I agree with everything you've written. It's true that we often only hear the negatives from patients as with every kind of surgery when it goes well they move on and never come back. What you've written about ZSO is incredibly interesting, and I can vouche for the results after having seem some patients in his photo book that he has at his office. The results are very natural. I still wonder if it'd ever be possible to achieve those male model type cheekbones. What are your thoughts?

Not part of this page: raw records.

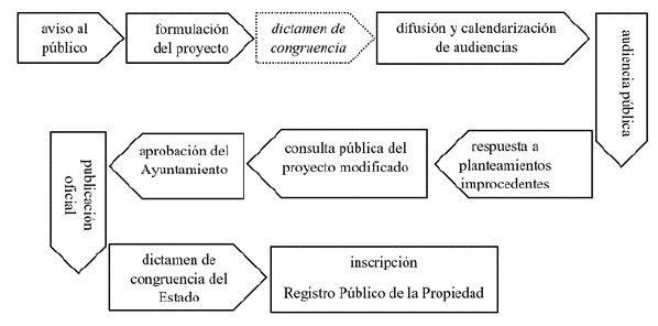 De lo contrario, el habitante del centro de población afectado por el dictamen de sentido incongruente emitido por la Entidad federativa sobre un concreto modelo urbanístico definido en sede municipal (aprobación del Ayuntamiento) vería publicado oficialmente e inscrito en el Registro Público de la Propiedad55 un instrumento de planeamiento urbanístico distinto al que fue aprobado por la autoridad urbanística municipal y modificado a través de un dictamen estatal sin que haya tenido oportunidad de conocer y participar de dicha modificación; lo que pondría en cuestión la fortaleza de los principios de participación ciudadana, derecho a la ciudad y transparencia en materia urbanística.
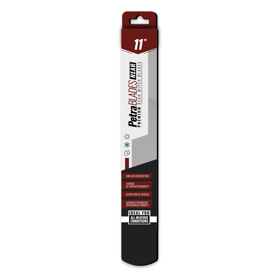 PetraBlades Rear Wiper Blades are engineered to the same high standards as our front beam blades, delivering durability, smooth wiping performance, and clear visibility where drivers need it most. Made with premium rubbers and advanced construction, these rear blades are designed to withstand extreme weather while maintaining a sleek, OE-style appearance.
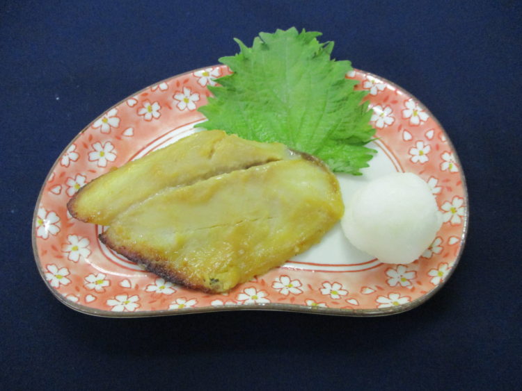 ご飯、花麩と三つ葉の清汁、さばの西京焼き、卯の花とひじきの炒り煮、ほうれん草のなめ茸あえ、つぼ漬、りんごゼリー
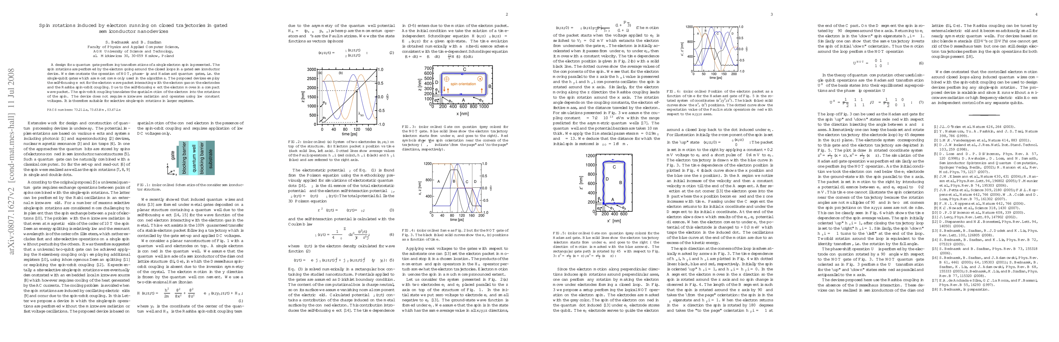 A design for a quantum gate performing transformations of a single electron spin is presented. The spin rotations are performed by the electron going around the closed loops in a gated semiconductor device. We demonstrate the operation of NOT, phase-flip and Hadamard quantum gates, i.e. the single-qubit gates which are most commonly used in the algorithms. The proposed devices employ the self-focusing effect for the electron wave packet interacting with the electron gas on the electrodes and the Rashba spin-orbit coupling. Due to the self-focusing effect the electron moves in a compact wave packet. The spin-orbit coupling translates the spatial motion of the electron into the rotations of the spin. The device does not require microwave radiation and operates using low constant voltages. It is therefore suitable for selective single-spin rotations in larger registers.
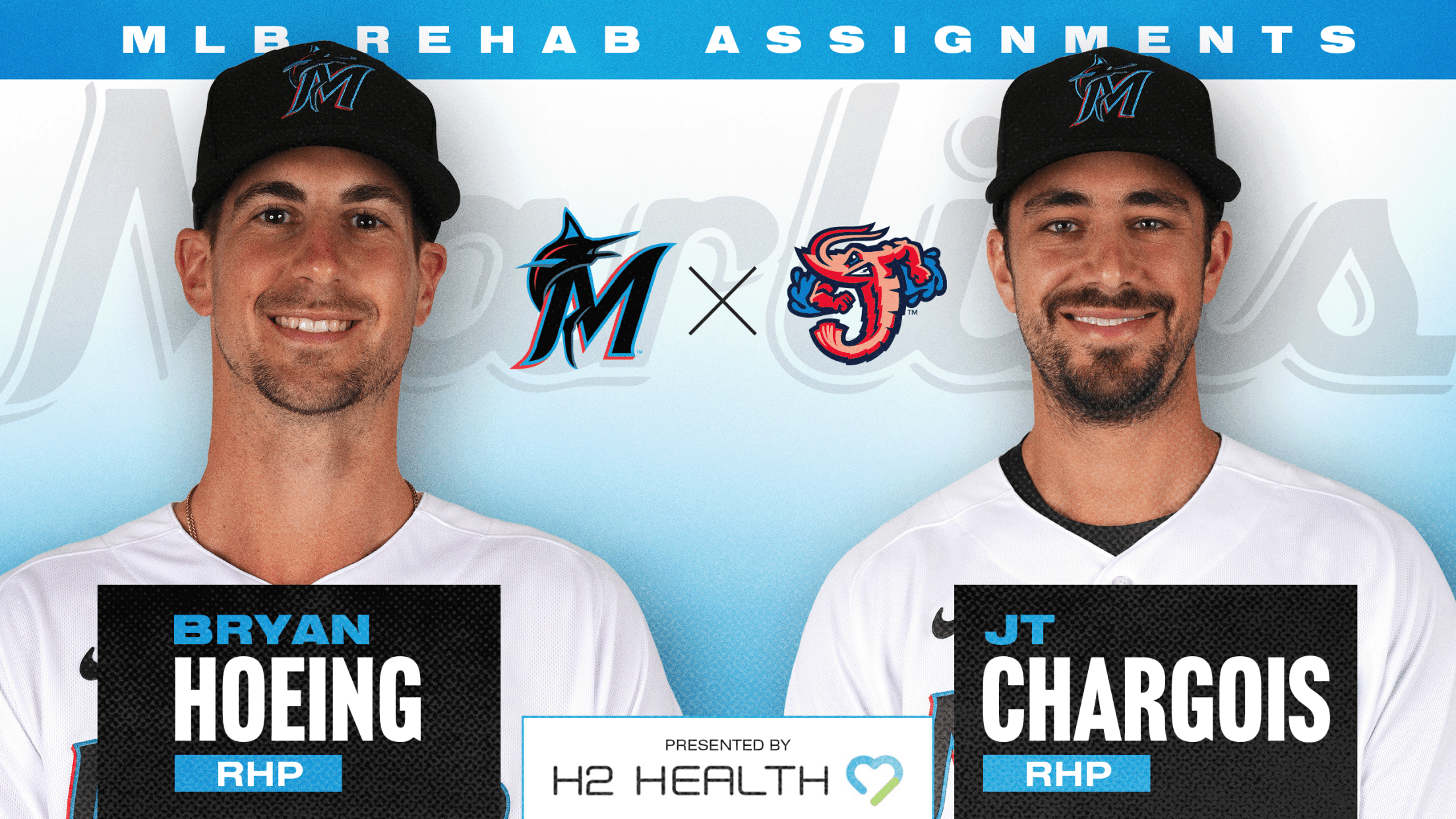 JACKSONVILLE, Fla. – Miami Marlins’ right-handers JT Chargois and Bryan Hoeing will begin injury rehabilitation assignments, presented by H2 Health for the Jacksonville Jumbo Shrimp this week, when they take on the Gwinnett Stripers from Coolray Field.

Mommaerts was also very helpful in explaining his opinion about the other surgeries recommended by other surgeons. In fact, I was quite impressed. His responses were as if he was citing a textbook from memory (in a good way). Concise but giving me everything I needed to know to make a fair assessment. I really wish we could see more of these two patients who weren't happy with their outcomes. I wonder why they won't post photos?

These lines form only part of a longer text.